Voici six longueurs d’onde courantes dans le spectre de la mauvaise colère. Peut-être que l’une d’entre elles correspond à ce que vous ressentez.

• L’irritabilité c’est la colère en état d’alerte. Vivez-vous ou travaillez-vous avec une personne qui explose facilement ? Êtes-vous habituellement de mauvaise humeur, maussade, grincheux ?

• La dispute c’est le désagréable « il a dit, elle a dit » des frictions interpersonnelles. La colère est une émotion qui s’épanouit dans les conflits interpersonnels, et il faut être deux pour se battre. L’idée de querelle est-elle votre première association d’idées ?

• L’amertume décrit la colère qui perdure longtemps, très longtemps. Les gens vont puiser dans d’anciennes blessures et entretiennent griefs et rancune. Ils ne parviennent pas à les enterrer.

• La violence décrit la destructivité d’un comportement colérique. La colère attaque, blesse, détruit et même tue, trouvant son plaisir à faire souffrir.

• La colère passive se cache derrière des apparences, parfois même dans l’inconscient. Aussi longtemps qu’elle reste indétectable par la personne qui est en colère, elle ne peut être traitée. Elle n’est pas sans effets annexes pour autant : dépression, léthargie et pessimisme ont leur origine dans la colère passive.

• La colère arrogante apprécie le sentiment de puissance qu’une personne connaît lorsqu’elle nourrit ses griefs, donne libre cours à une émotion honnête et lui permet de s’exprimer librement. Ça fait du bien de dire les choses, et on obtient très souvent des résultats !

 

Chacun de ces six problèmes revêt une grande importance. La colère éclate trop rapidement, détruit trop de relations, brûle trop longtemps, provoque trop de souffrances, se cache trop bien et fait trop de bien.

Mais la liste des problèmes liés à la colère ne s’arrête pas là. Qu’ont-ils en commun? Qu’est-ce qui les relie entre eux?

Ces manifestations de la colère ne sauraient en être l’essence. Ce ne sont que certaines versions déformées, des expressions mal orientées de quelque chose de plus profond. Ces problèmes souillent quelque chose qui est intrinsèque à la nature humaine mais qui peut être corrigé.

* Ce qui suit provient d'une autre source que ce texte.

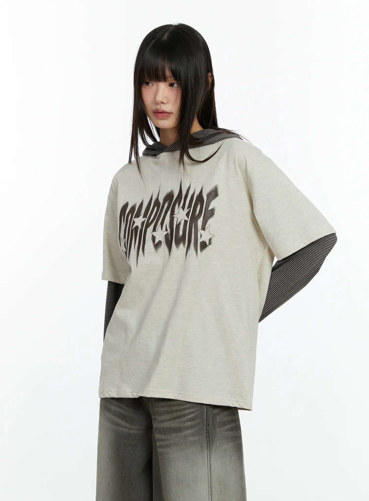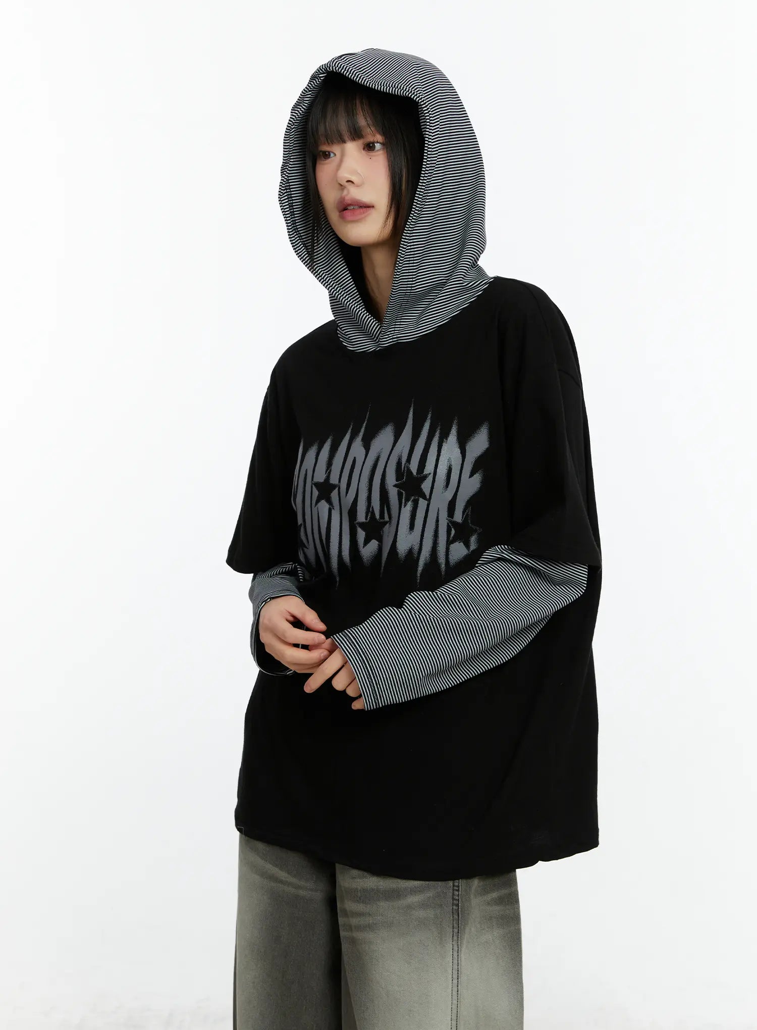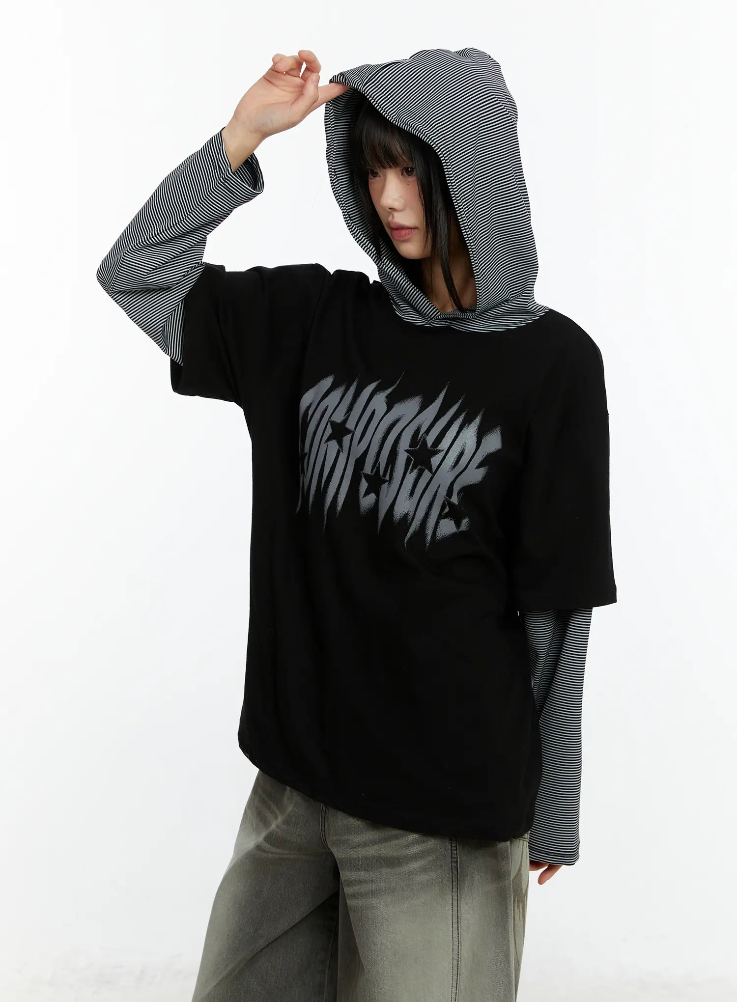 Layered Hooded Graphic Long Sleeve Top CF509
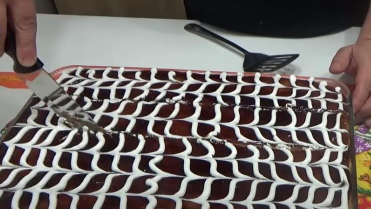 Od ovog tečno dela polovinu sipajte u četvrtasti kalup, zatim preko položite biskvitni deo. Potom ga izbušite debljom čačakalicom (ili drvcetom za ražnjiće) i prelijte ostatkom mešavine.
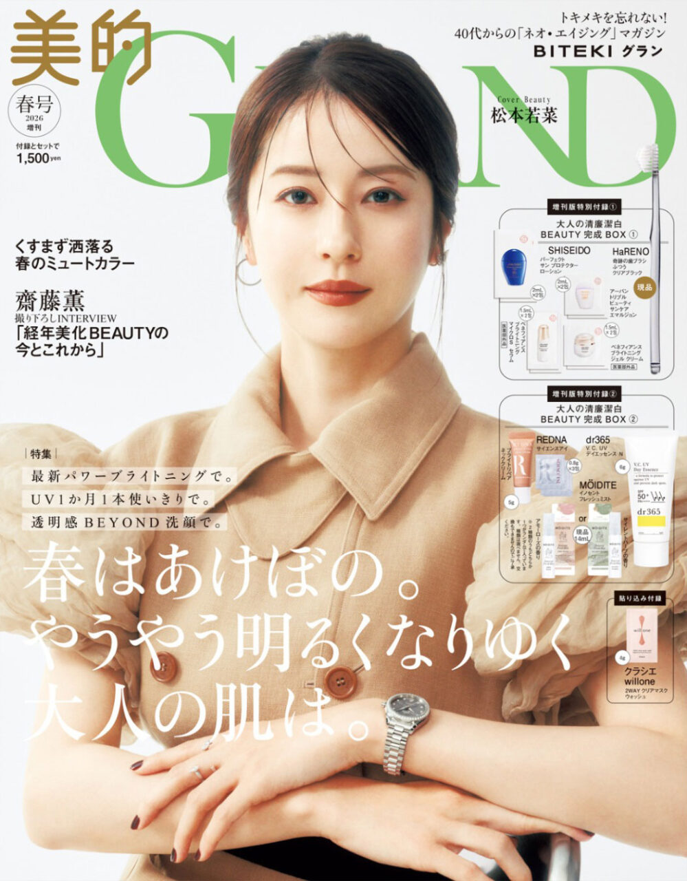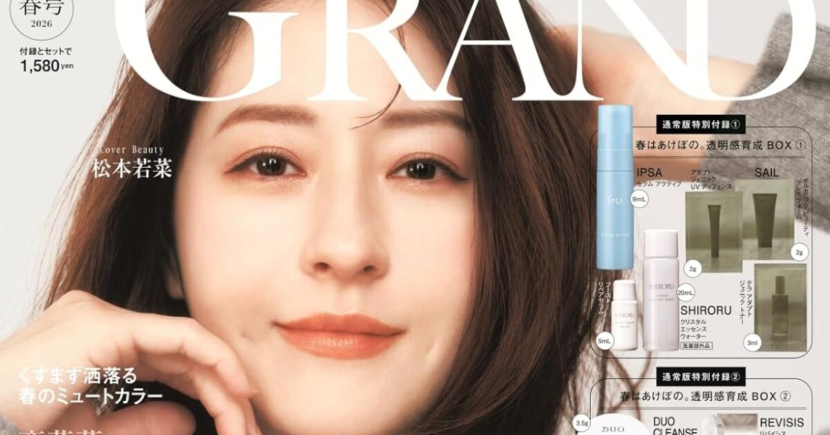 amazon.co.jp 【3/12発売】「美的GRAND 2026年 春号」表紙:松本若菜 ポストする シェアする LINEで送る 更新日 : 2026年3月12日(木) 美的GRAND 小学館 季刊(3.6.9.12月12日) 公式サイト 公式SNS ▼バックナンバー検索 Amazon 楽天ブックス 楽天市場 美的GRAND(ビテキグラン) 2026年 春号 通常版 / 増刊表紙松本若菜【通常版】特別付録春はあけぼの。透明感育成BOX ①②【増刊】特別付録大人の清廉潔白BEAUTY完成BOX ①② Amazonで見る楽天ブックスで見る楽天市場で見る 紙版を購入 販売期間や在庫状況により、リンク先のショップで購入できない場合があります。ご了承ください。
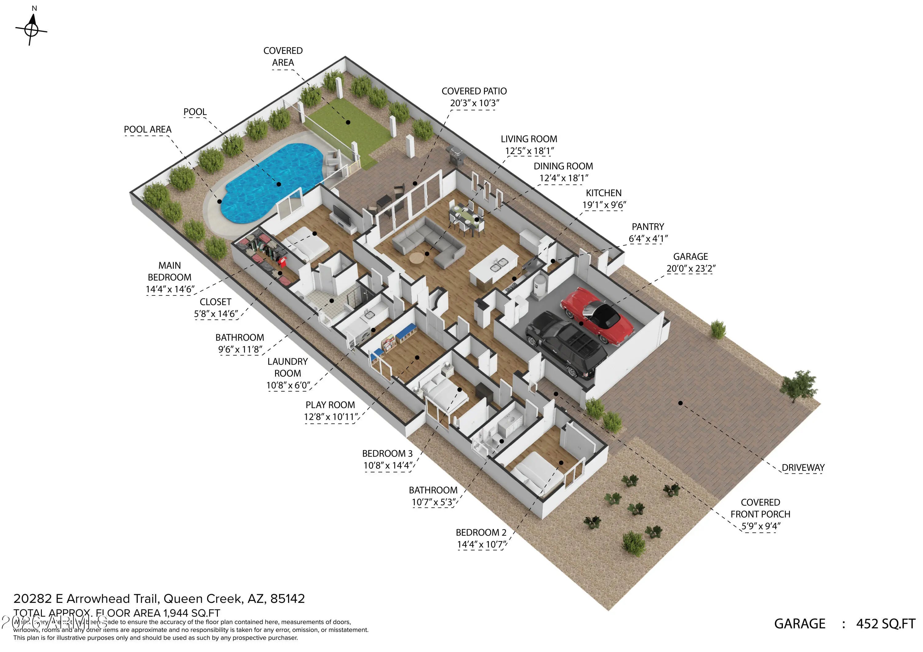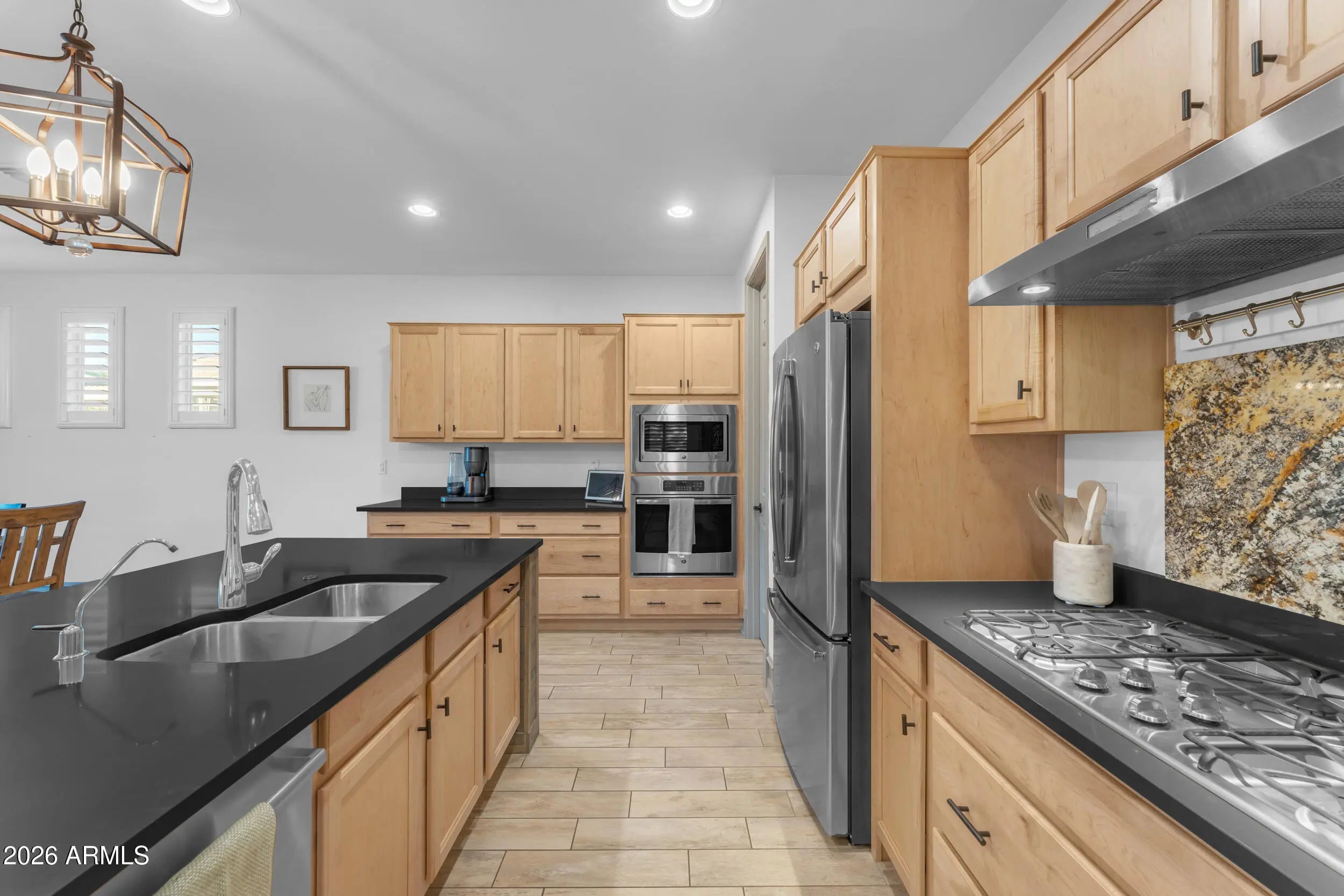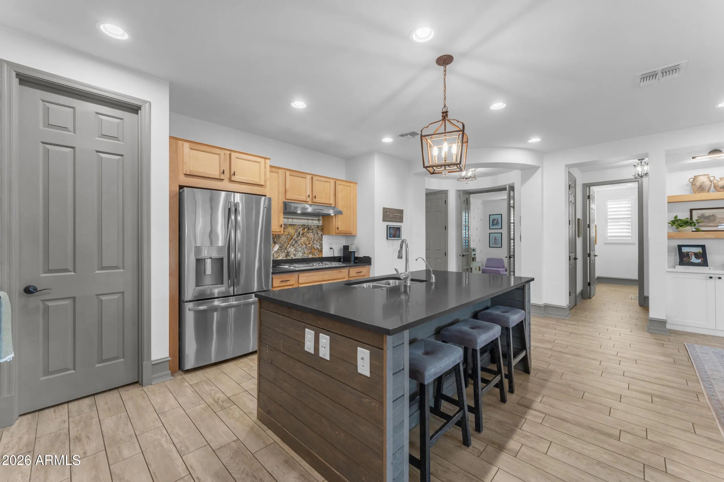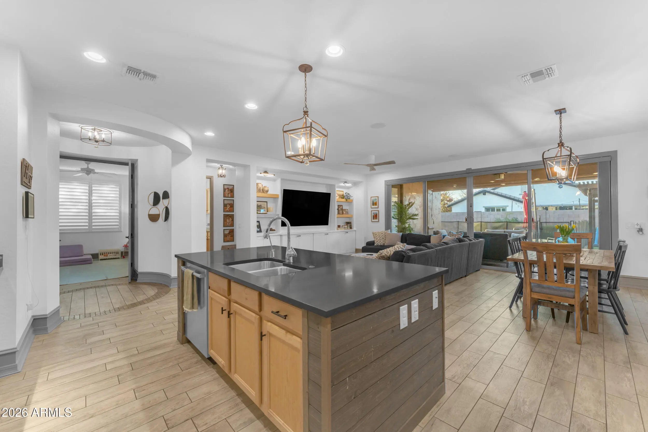 Located on a premium corner lot in the sought-after Queen Creek Station, this refined 3-bedroom, 2-bath residence with a private den offers nearly 2,000 square feet of thoughtfully curated living—just minutes from Queen Creek Marketplace for dining, shopping, and everyday conveniences. Fresh exterior paint delivers instant curb appeal, setting the tone from the moment you arrive. Inside, the home is light-filled and polished, anchored by wood-look ceramic tile, upgraded trim, and a custom-designed built-in in the living room that blends form and function with effortless style. The open-concept layout is ideal for both elevated entertaining and relaxed everyday living. The chef's kitchen features quartz countertops, upgraded cabinetry, and stainless steel appliances, creating a clean, modern aesthetic that feels timeless and intentional. The den, framed by French doors, offers a flexible retreatperfect for a home office, lounge, or guest space. A dramatic 16-foot atrium-style sliding glass door, paired with an automated shade, creates seamless indoor-outdoor flow while offering privacy and light control at the touch of a button. The backyard is a true private escape, centered around a saltwater pool with updated equipment. A commercial-grade misting system keeps the space cool and comfortable, while the tranquil pergola completes the resort-style setting. For today's lifestyle, the home also includes a Tesla EV charger, blending modern convenience with forward-thinking design. Impeccably maintained, thoughtfully upgraded, and positioned for both lifestyle and location,this home delivers sophistication, comfort, and everyday luxury in one exceptional package.

Nous devons donc mettre en lumière une définition plus profonde. Alors seulement, nous pourrons cultiver une nouvelle association d’idées avec la colère qui fonctionnera comme elle le devrait. Une bonne colère agira de manière constructive en présence du mal. Alors seulement nous pourrons attaquer le problème mentionné précédemment, la colère inexistante, celle qui n’est pas provoquée quand bien même de mauvaises choses se produisent réellement, sous prétexte qu’il est plus facile de rester indifférent et détaché.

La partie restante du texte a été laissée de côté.